She was hailed as a trailblazer for women who could clean up the sleaze and corruption in the Labor Party.
The NSW Labor Party’s first female secretary, Kaila Murnain, 32, promised to end a toxic, sexist and destructive culture.
She was even promoted as having the potential of New Zealand Prime Minister Jacinda Ardern, with Labor strategist Bruce Hawker praising her as a strong leader who was very “hands on”.
But Ms Murnain is now tipped to quit the job amid sensational claims of $100,000 in cash being dropped off to the Labor Party’s Sussex Street headquarters in a plastic Aldi bag by the Chinese billionaire Huang Xiangmo.
Mr Huang was a prohibited donor under NSW laws because he is a property developer.
Senior Labor figures who support Ms Murnain insist her looming departure and the Independent Commission Against Corruption (ICAC) revelations are not linked, with Ms Murnain widely canvassing the idea of moving on after three years in the job.
But unions in NSW are actively discussing her exit strategy.
The New Daily has confirmed she is on leave from her job while she prepares to give evidence at ICAC and has not been attending the office or returning calls.
Labor leader Anthony Albanese declined to endorse her ongoing role, describing the allegations as ‘‘serious’’.
‘‘Look, it’s not a matter of me to have confidence in any individual in the Labor Party,’’ he said.
‘‘These are serious allegations. I am not going to give a running commentary on them while people are literally giving evidence.
‘‘I will simply say this. Electoral laws should be complied with by anyone in the process. Simple as that.’’
In a Shakespearean element to the tragedy, it was her predecessor as NSW ALP secretary, Jamie Clements, who allegedly accepted the Aldi bag containing $100,000 in cash.
Ms Murnain won her job in 2016 after Mr Clements resigned amid controversy.
The anti-corruption watchdog ICAC heard evidence on Tuesday the pair had a poisonous relationship.
A lawyer for Mr Clements challenged evidence in the ICAC hearing that Mr Clements had received the Aldi bag of cash.
He quizzed Labor’s community relations director Kenrick Cheah on whether Mr Clements and his deputy Ms Murnain ‘‘hated each others’ guts’’.
Mr Cheah replied it was well known the pair intensely disliked each other and denied he was using Mr Clements as ‘‘a scapegoat’’.

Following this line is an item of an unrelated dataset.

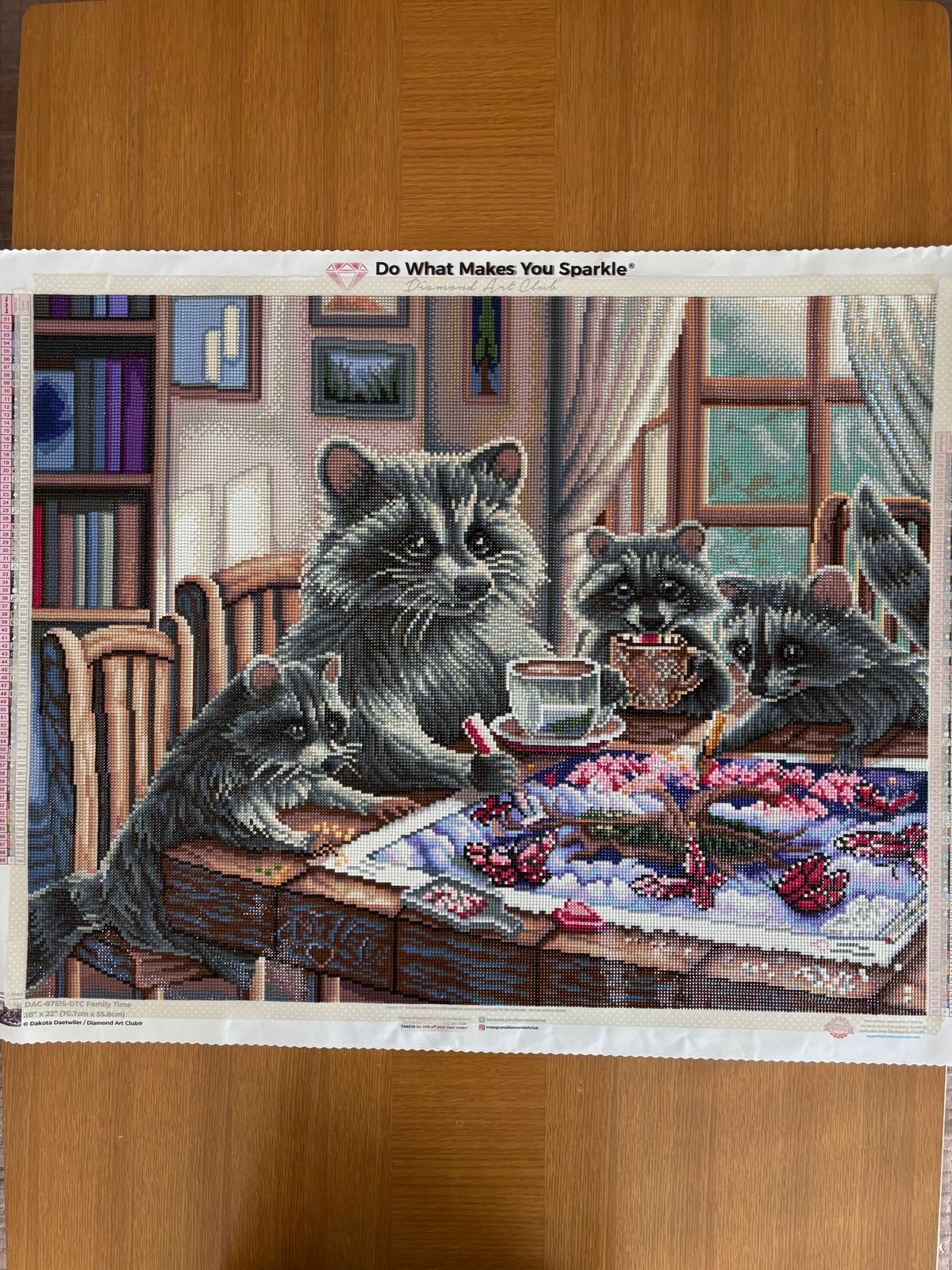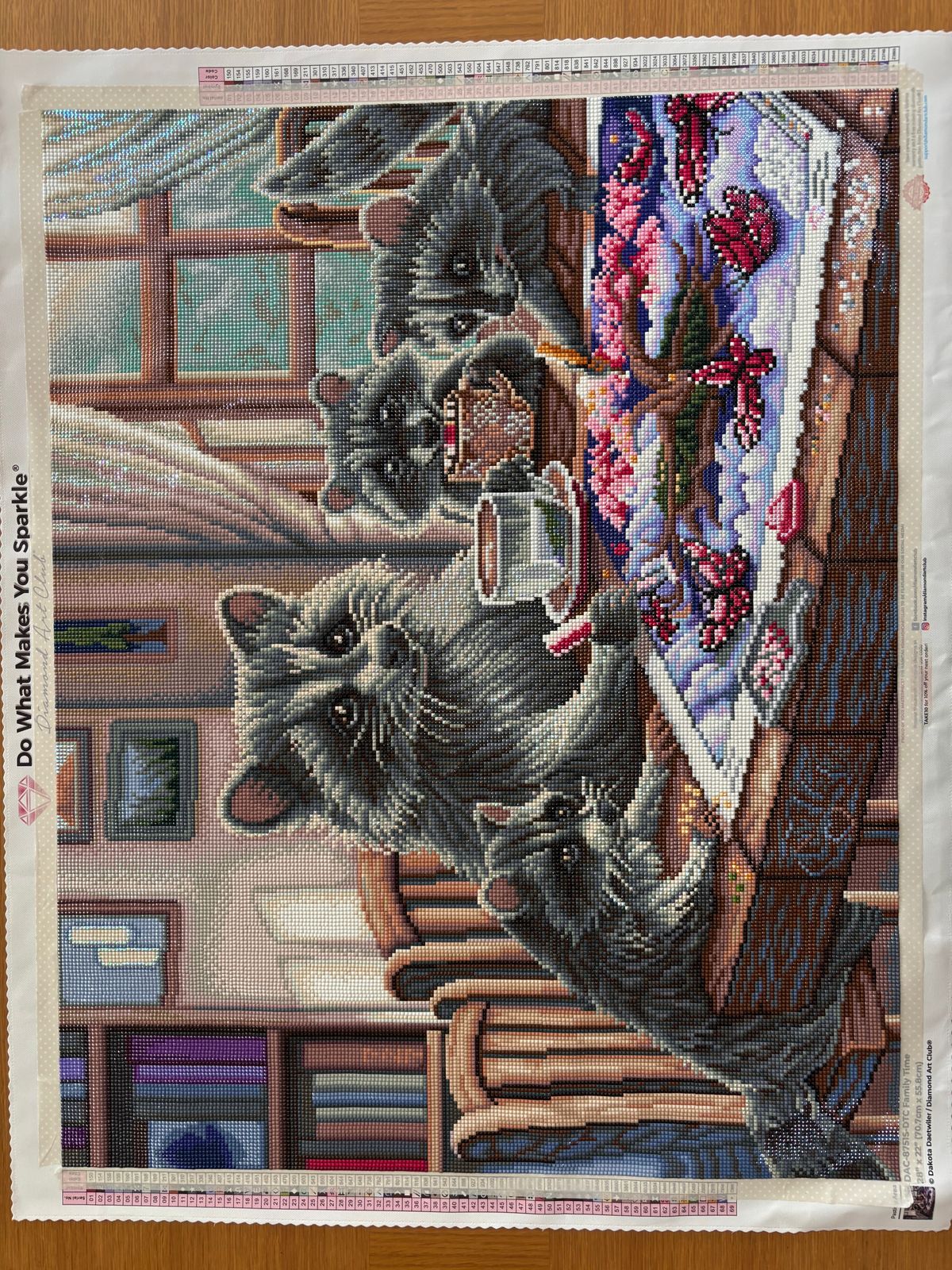 Gather around the table with furry friends sipping cocoa and working diligently. Diamond painting is for everyone– transforming an ordinary afternoon into a magical memory filled with sparkling wonder!
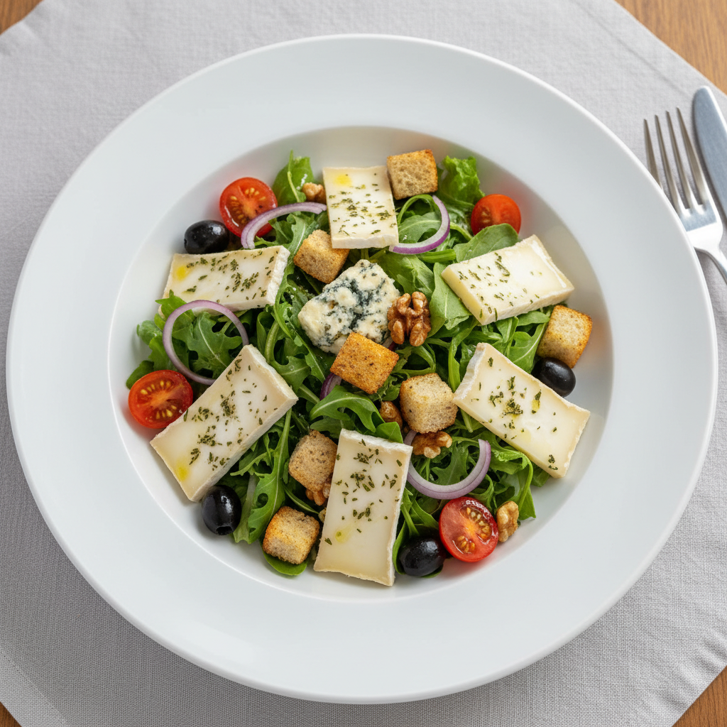 EGAlim : Conforme EGAlim : salade verte bio recommandée (label AB ou équivalent), noix bio préférence circuits courts (AMAP, producteurs locaux Nouvelle-Aquitaine). Gésiers et magret : privilégier canard fermier Label Rouge ou AOC (Périgueux, Challans). Vinaigre et huile bio ECOCERT. Estimation : 35-40% bio en valeur d'achat. Alternative végétarienne possible : substituer gésiers/magret par lardons de tofu fumé bio ou champignons de Paris rôtis.

Ms Murnain was not the ALP secretary at the time of the alleged donation, but the ICAC hearings have heard evidence she saw the Aldi bag and advised Mr Cheah to ‘‘be careful’’ when he took the cash home because the banks had closed.
‘‘I don’t know if she knew how much was there, but she knew that there was a sizeable amount of money that I was taking home to keep safe to bring back the next day,” Mr Cheah said.
“Pretty sure Kaila was the one who said ‘be careful’, just in terms of safety.’’
When ICAC raided the NSW ALP offices during Labor’s national conference in Adelaide in December 2018, Ms Murnain released a statement that the ALP had disclosed all relevant documentation relating to the donations at the time to the NSW electoral commission.
But on Monday, counsel assisting the commission Scott Robertson revealed Ms Murnain had told ICAC she has reasons to believe the $100,000 donation at the centre of the raid was from a banned donor.
‘‘Ms Murnain has given evidence to the commission in a compulsory examination to the effect that Ernest Wong told her that a person had not, in fact, donated the funds that they had said that they had donated to the Labor Party in 2015,’’ Mr Robertson said.
‘‘Ms Murnain said that Mr Wong told her that Mr Huang Xiangmo was the true source of the funds said to have been donated by that other person.
‘‘Of course, Ms Murnain’s statement as to what Mr Wong is said to have told her is not, of itself, conclusive proof that there were one or more ‘straw donors’ or ‘pretend donors’ associated with the Chinese Friends of Labor function in 2015 or that there was a scheme to conceal the fact that Mr Huang was the true source of funds deposited in NSW Labor and Country Labor’s bank accounts.’’
Ms Murnain’s critics insist this news was a shock, given the ALP branch had suggested at the time of 2018 ICAC raids on the party’s Sussex Street headquarters the investigation was ‘‘a witch hunt’’.
The Newcastle-born party strategist joined the party at the age of 15 and has worked for the Labor Party for her entire adult life, including stints in the office of former NSW Premier Kristina Keneally.
But Ms Murnain is also a divisive figure in Labor circles who is known for her feuds with Mr Clements, NSW Labor MP Chris Minns and former Labor MP Emma Husar, with whom she fell out after the contents of a confidential investigation were leaked to the media.
Mr Minns ran against the current NSW Labor leader Jodi McKay and it was widely expected that Ms Murnain would leave the job if he had won the ballot.
Ms Murnain is due to give evidence at ICAC on Wednesday and Thursday.